最近我们的应用后台动不动就被卡住,所以警告就上线一看,CPU时不时飙高,curl请求一下,发现不接受请求了,所以想Thread Dump看一下线程都在干啥。
首先:
kill -3 <pid>
然后tomcat会把Thread Dump打印到其安装目录的logs/catalina.out里
查看一下发现果不其然,死锁了,其表征为大量tomcat的http线程都WAITING在同一个地方,如下:
"http-nio-9086-exec-163" daemon prio=10 tid=0x00007f8ab00ab800 nid=0x18e7 waiting on condition [0x00007f8a48644000]
java.lang.Thread.State: WAITING (parking)
at sun.misc.Unsafe.park(Native Method)
- parking to wait for <0x00000000d3643028> (a java.util.concurrent.locks.ReentrantReadWriteLock$NonfairSync)
at java.util.concurrent.locks.LockSupport.park(LockSupport.java:186)
at java.util.concurrent.locks.AbstractQueuedSynchronizer.parkAndCheckInterrupt(AbstractQueuedSynchronizer.java:834)
at java.util.concurrent.locks.AbstractQueuedSynchronizer.doAcquireShared(AbstractQueuedSynchronizer.java:964)

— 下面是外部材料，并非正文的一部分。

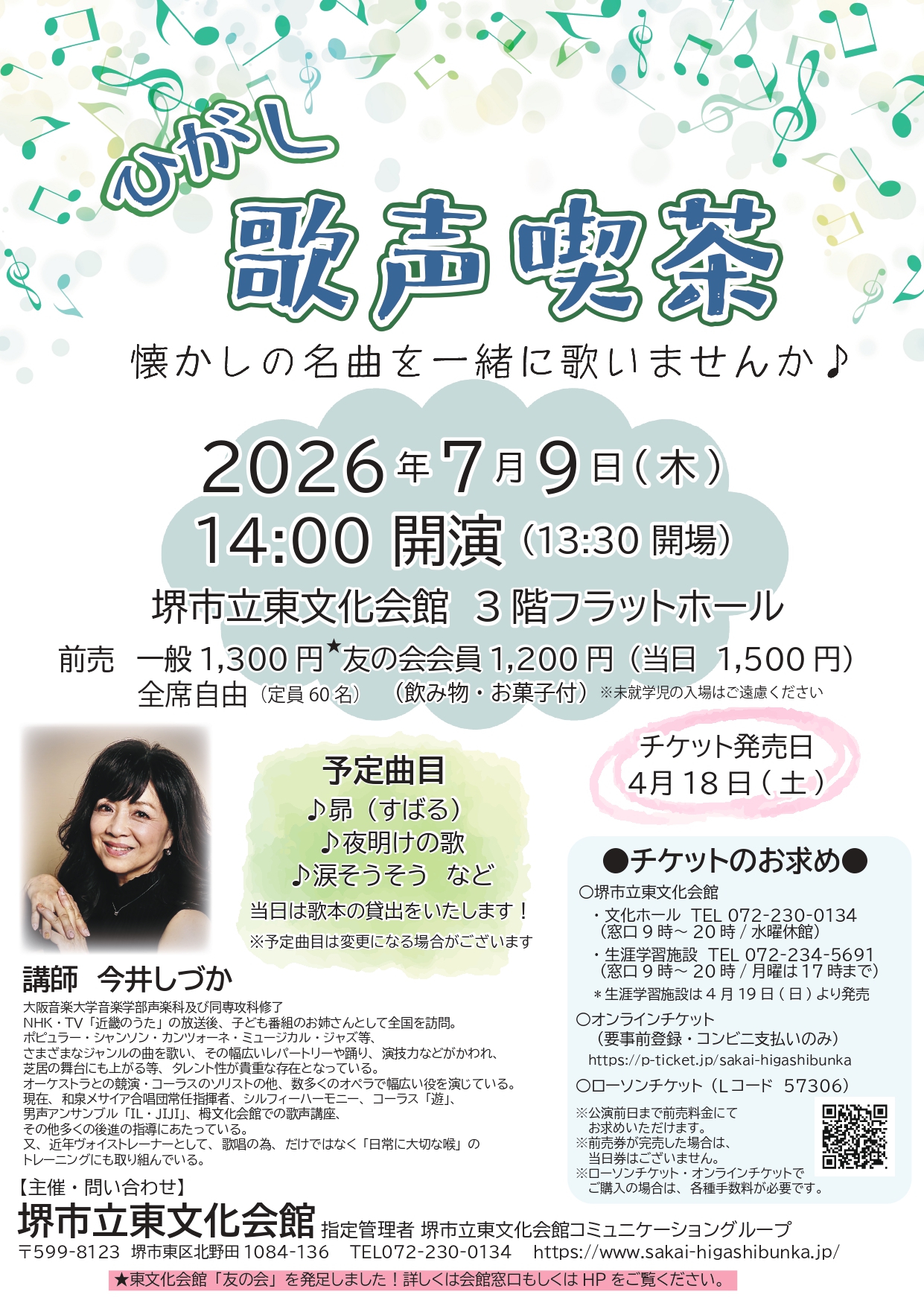 公演・イベント一覧 堺市立東文化会館で開催されるイベントの一覧です。 4月 5月 6月 7月 8月 9月 4月 5月 6月 7月 8月 9月 - 音楽 主催発売中 音楽のあるひととき in HIGASHI Vol.9 ~初夏のドイツ便り -Romantische kammermusik!- ~ 開催日 2026年7月4日(土) 14:30開演(14:00開場) - 音楽 主催発売中 ひがし歌声喫茶 開催日 2026年7月9日(木) 14:00開演(13:30開場) - 映画 主催近日発売 みんなのシネマ なつやすみ「たべっ子どうぶつ THE MOVIE」 開催日 2026年7月28日(火) ①10:00開演(9:30開場) ②13:30開演(13:00開場)

at java.util.concurrent.locks.AbstractQueuedSynchronizer.acquireShared(AbstractQueuedSynchronizer.java:1282)
at java.util.concurrent.locks.ReentrantReadWriteLock$ReadLock.lock(ReentrantReadWriteLock.java:731)
at com.fasterxml.jackson.databind.util.LRUMap.get(LRUMap.java:56)

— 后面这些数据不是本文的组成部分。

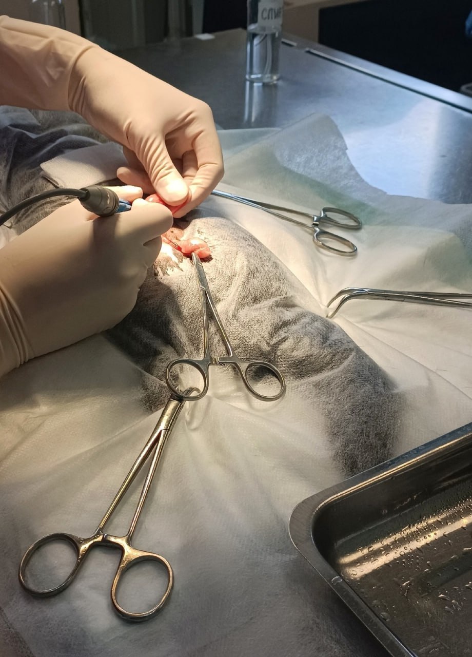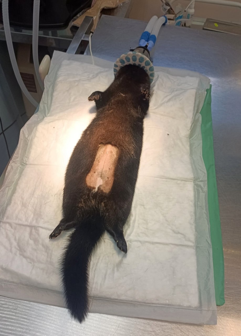 Для норки есть свои нюансы: небольшая масса, тонкая кожа, компактная анатомия — все это требует аккуратности. Швы внутрикожные, восстановление плановое, уже через несколько часов пациент был активен и подвижен, — отметили в клинике.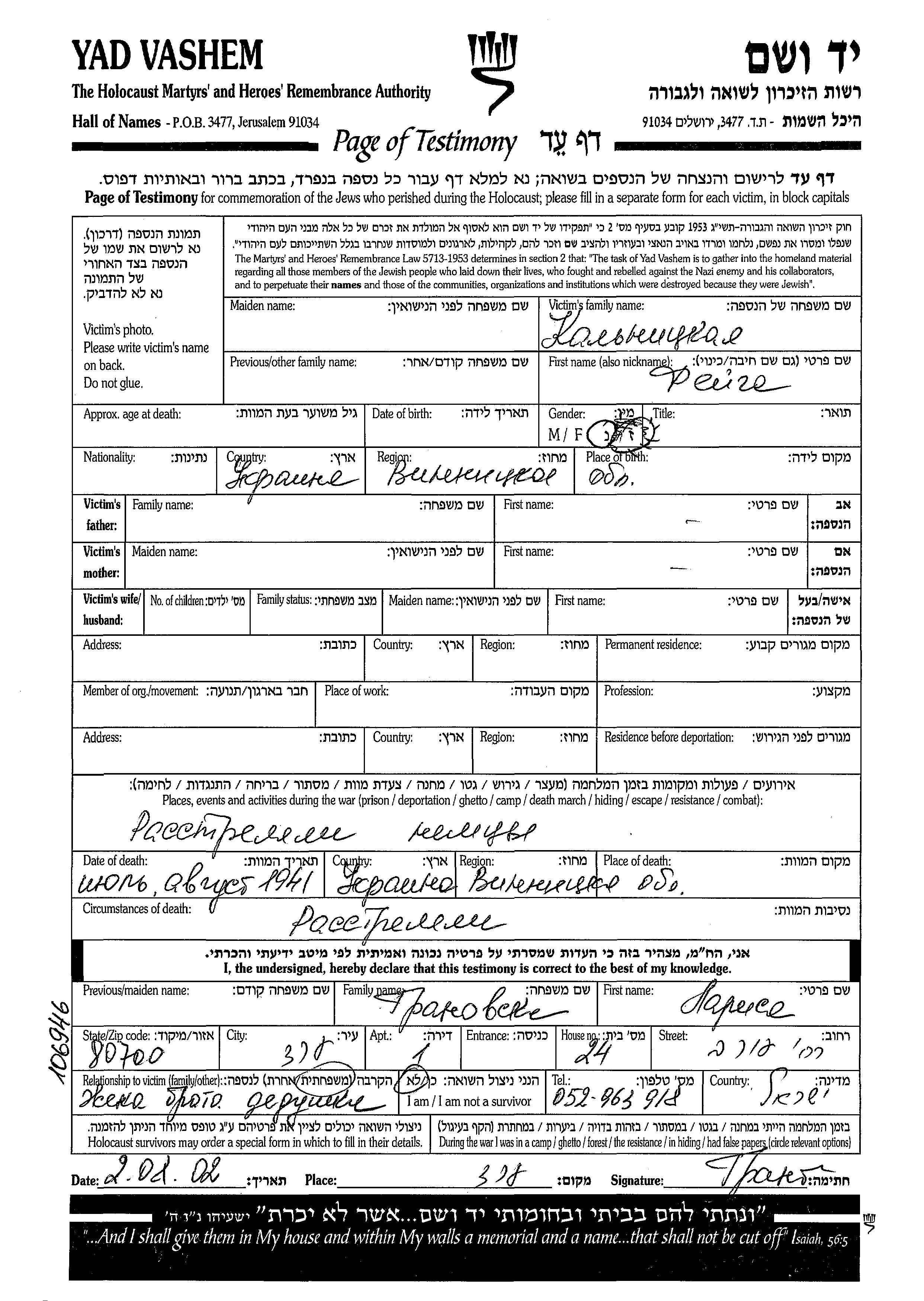 Kalnitzkaya Feiga Vinnitsa, Ukraine (USSR) Page of Testimony

at com.fasterxml.jackson.databind.type.TypeFactory._fromClass(TypeFactory.java:707)
at com.fasterxml.jackson.databind.type.TypeFactory._constructType(TypeFactory.java:387)
at com.fasterxml.jackson.databind.type.TypeFactory.constructType(TypeFactory.java:367)
需要注意的是LRUMap这个类的get方法,这里上了读锁,所以继续找到了写锁的线程,如下:
"http-nio-9086-exec-31" daemon prio=10 tid=0x00007f8ab0026000 nid=0x795c runnable [0x00007f8a5b471000]
java.lang.Thread.State: RUNNABLE
at java.util.LinkedHashMap.transfer(LinkedHashMap.java:253)
at java.util.HashMap.resize(HashMap.java:581)
at java.util.HashMap.addEntry(HashMap.java:879)
at java.util.LinkedHashMap.addEntry(LinkedHashMap.java:427)
at java.util.HashMap.put(HashMap.java:505)
at com.fasterxml.jackson.databind.util.LRUMap.put(LRUMap.java:68)
at com.fasterxml.jackson.databind.type.TypeFactory._fromClass(TypeFactory.java:738)
at com.fasterxml.jackson.databind.type.TypeFactory._constructType(TypeFactory.java:387)
at com.fasterxml.jackson.databind.type.TypeFactory.constructType(TypeFactory.java:358)
at com.fasterxml.jackson.databind.cfg.MapperConfig.constructType(MapperConfig.java:268)
当看见Map的时候就隐约感觉有问题,因为多线程下Map有很多问题。需要注意的是LRUMap这个类的put方法。
看源码(版本2.4.1)发发现LRUMap继承自LinkedHashMap,所以详细看看他的put和get方法,发现get会更改内部状态(recordAccess),虽然LRUMap重载了get方法,加了锁,但是这个锁是读锁,所以get和put一来一往就才出现状态问题了。
然后到Jackson的github上看了LRUMap的提交历史找到一个相关issue:链接
解决:更新版本